紳士はいなかの料理を食べたいとお願いしたので、農夫の妻は台所へ行き、農夫は紳士をさそって仕事の続きをしに庭へ向かう。

紳士は農夫に息子はいないのかとたずねたので、農夫は自分の息子は悪さばかりするようになってもう家を出ていったきりであると話す。

紳士は今になって息子の顔がわかるかとたずねると、農夫は肩にある豆つぶほどのあざを見ればわかるという。

すると、紳士は上着を脱いで肩にあるあざを見せ、自分が農夫の息子であるということを示す。

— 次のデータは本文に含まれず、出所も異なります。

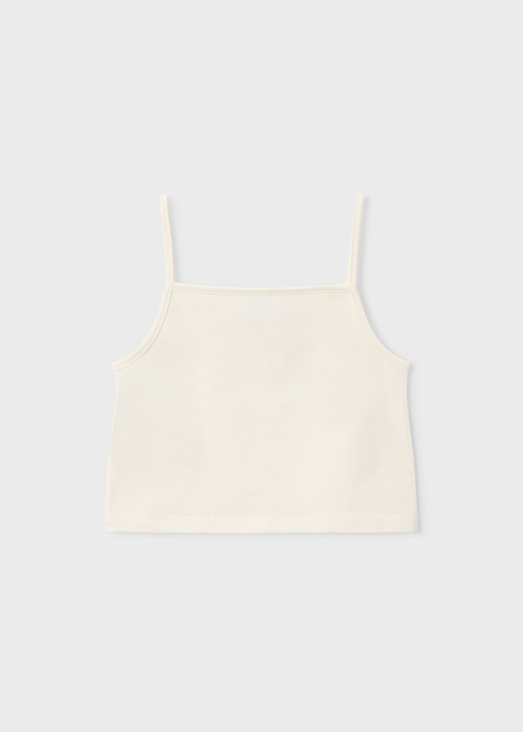 • Cream-colored two-piece top set including a camisole and a crocheted top.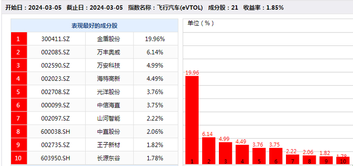 3月5日,飞行汽车概念股领跑题材板块。截至收盘,金盾股份涨停,万丰奥威、光洋股份、山河智能等跟涨。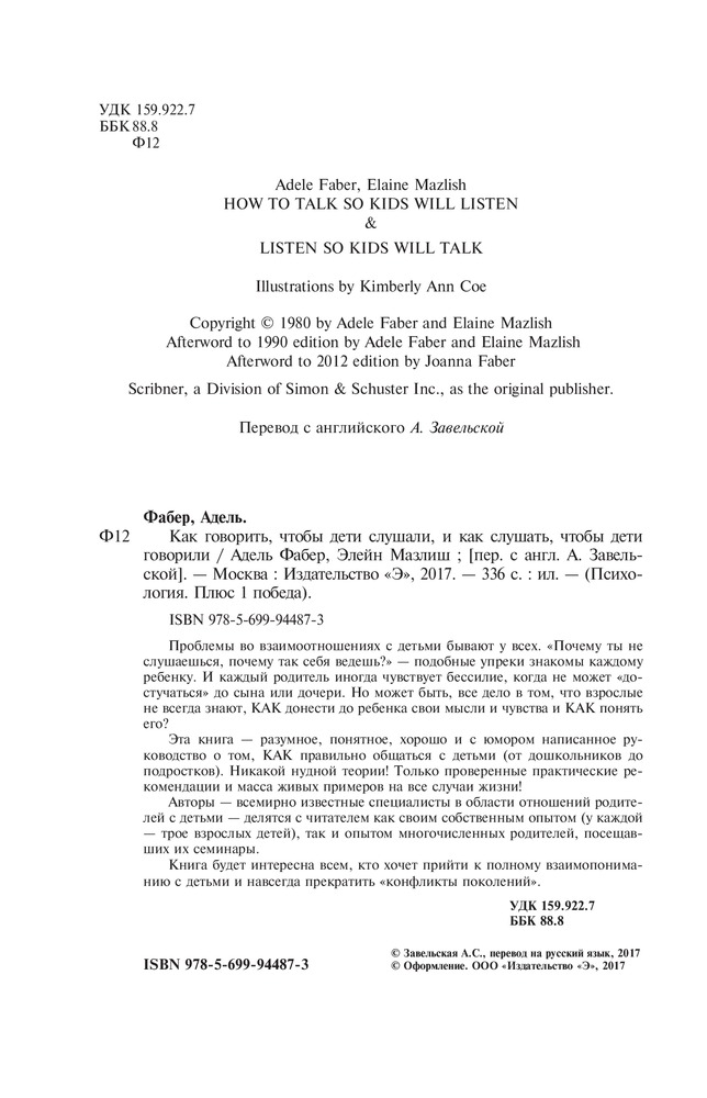 Как говорить, чтобы дети слушали, и как слушать, чтобы дети говорилиВ данный момент этот товар отсутствует в продаже. Возможно, у нас найдется аналогичный или похожий товар здесь. Серия: Психология. Плюс 1 победа (новое оформление, обложка) Проблемы во взаимоотношениях с детьми бывают у всех. «Почему ты не слушаешься, почему так себя ведешь?» — подобные упреки знакомы каждому ребенку. И каждый родитель иногда чувствует бессилие, когда не может «достучаться» до сына или дочери. Но может быть, все дело в том, что взрослые не всегда знают, КАК донести до ребенка свои мысли и чувства, и КАК понять его? Эта книга — разумное, понятное, хорошо и с юмором написанное руководство о том, КАК правильно общаться с детьми (от дошкольников до подростков). Никакой нудной теории! Только проверенные практические рекомендации и масса живых примеров на все случаи жизни! Авторы — всемирно известные специалисты в области отношений родителей с детьми — делятся с читателем как своим собственным опытом (у каждой — трое взрослых детей), так и опытом многочисленных родителей, посещавших их семинары. Книга будет интересна всем, кто хочет прийти к полному взаимопониманию с детьми и навсегда прекратить «конфликты поколений». |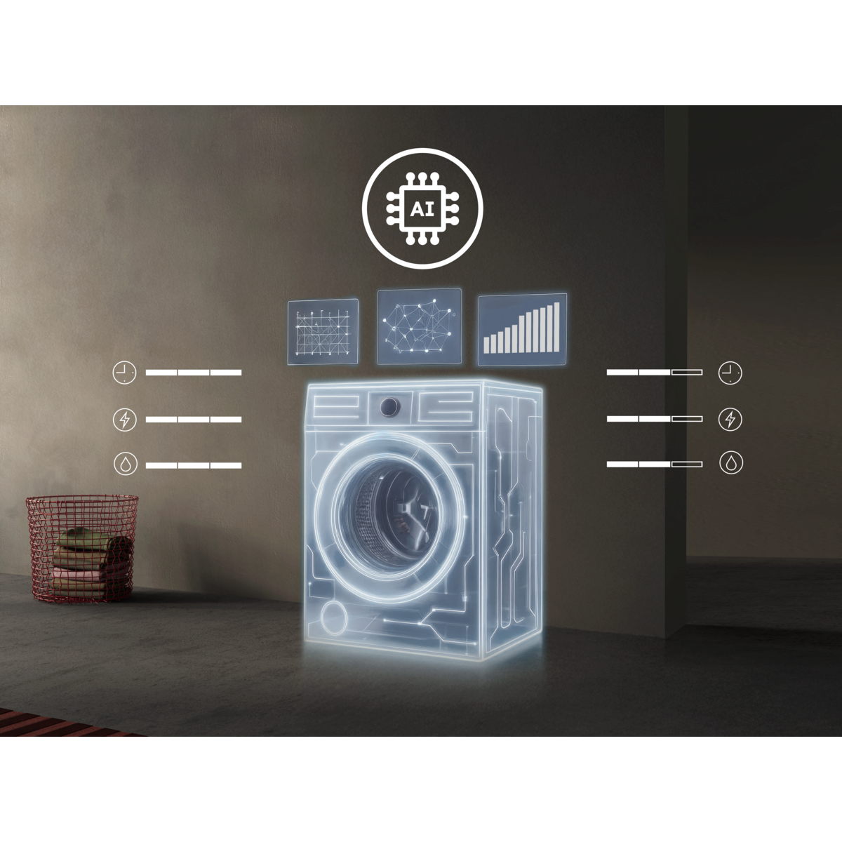*Baserat på en algoritm för tvättmängdsavkänning som är förtränad på olika typer av tvätt. Ingen användardata används för att vidareutbilda AI:n. **Internt test av tids-, vatten- och energiförbrukning för ett 30 °C bomullsprogram optimerat med AI WashAssist för 1 kg jämfört med maximal tvättmängd.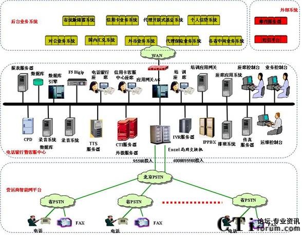 中國郵政儲(chǔ)蓄銀行電話銀行暨信用卡客服中心系統(tǒng)的物理結(jié)構(gòu)如下圖所示: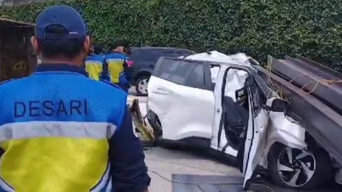 Dalam foto dan video yang beredar di media sosial, tampak jelas kondisi Mitsubishi Xforce yang ringsek parah di bagian depan. Kaca depan pecah, kap mesin remuk, dan pelat-pelat besi besar terlihat menimpa bagian depan mobil, sementara bagian belakang mobil masih tampak utuh. Kejadian ini memicu kekhawatiran akan keselamatan di jalan tol yang padat.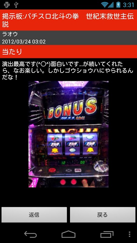 パチンコ/パチスロのユーザー間でのコミニケーションが可能です。プレミア演出の画像や、大当たり画像。貴方の携帯で撮影した画像を閲覧したり、投稿することも可能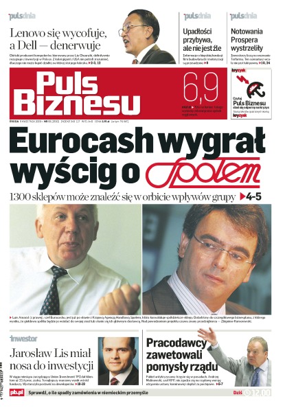 Lenovo wycofuje się z inwestycji w Legnickim Polu i w Nowej Soli, Dell ma już serdecznie dosyć inwestycji w Polsce, Eurocash do 2012 roku chce zaopatrywać 1100 sklepów Społem, pracodawcy sprzeciwią się rządowym pomysłom z pakietu antykryzysowego, duże szanse przed branżami motoryzacyjną i budowlaną, akcje Prospera poszły w górę o 36% – ale Tofarm jeszcze nie ogłosił wezwania, w marcu fundusze na ogół zarabiały – najlepszy wynik to 23,4%, najgorszy zaś to -19,6%.
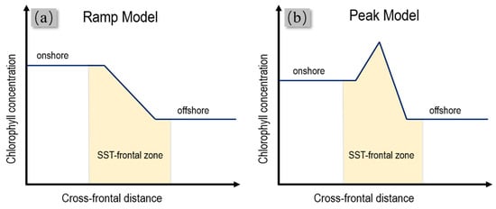 Chl-a fronts always coincided with SST fronts [2]. Basically, there are two main patterns of chl-a across the SST-frontal zone (Figure 10), which were summarized by [2]. SST fronts along the coast could act like dynamic barriers to momentum and offshore water transport [2,44], and thus become boundaries between higher coastal biomass on one side, and lower offshore biomass on the other (i.e., ‘Ramp Model’ in Figure 10a). SST fronts could also induce maximum chl-a concentrations along the front (i.e., ‘Peak Model’ in Figure 10b) via convergence and nutrient upwelling, and, in both cases, the strongest chl-a gradients (i.e., chl-a fronts) are located at the SST frontal zone.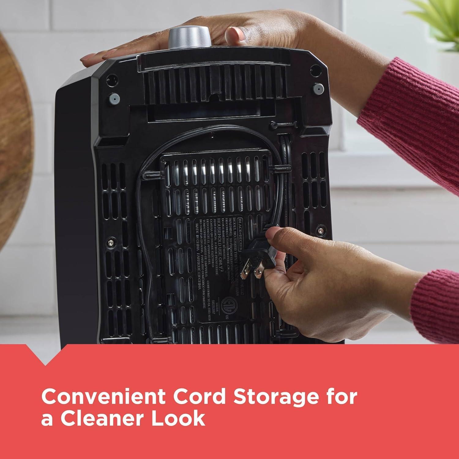 - Slide-out crumb tray that keeps clean-up quick and mess-free

農夫は再会をよろこんだが、息子がどろぼう名人として生計をたてていると話すととても心配する。

農夫の妻も息子との再会をよろこび、みんなで食事をしたあとに、どろぼう名人はそこの領主で自分の名づけ親である伯爵のもとにあいさつをしにいくという。

 

 

息子が馬車で伯爵のもとへ向かうと、伯爵はていねいにむかえ入れるが、息子がどろぼう名人であると正体を明かすと表情を変えた。

伯爵は自分が名づけ親であるので大目に見ることにするが、これから出す3つの課題ができなければ首つりの刑にするという。

伯爵は、まず自分の愛馬を馬小屋から盗むこと、そして自分と妻が寝たあとに気づかれないようシーツと妻の結婚指輪を盗むこと、さいごに教会から牧師と教会の番人を盗むこと、を課題とした。

どろぼう名人はまず町へ行って農夫のおばあさんの身なりをそろえ、樽に眠り薬を入れたワインをつめて、伯爵の馬小屋の近くへ行く。

どろぼう名人はそこで寒そうなふりをし、馬小屋の近くで火をかこんでいた兵隊にいっしょに暖まるよう声をかけさせる。

そこでお礼にといってワインを兵隊たちにあたえて眠らせ、伯爵の馬をたくみに盗んで連れだし、次の日に伯爵を感心させる。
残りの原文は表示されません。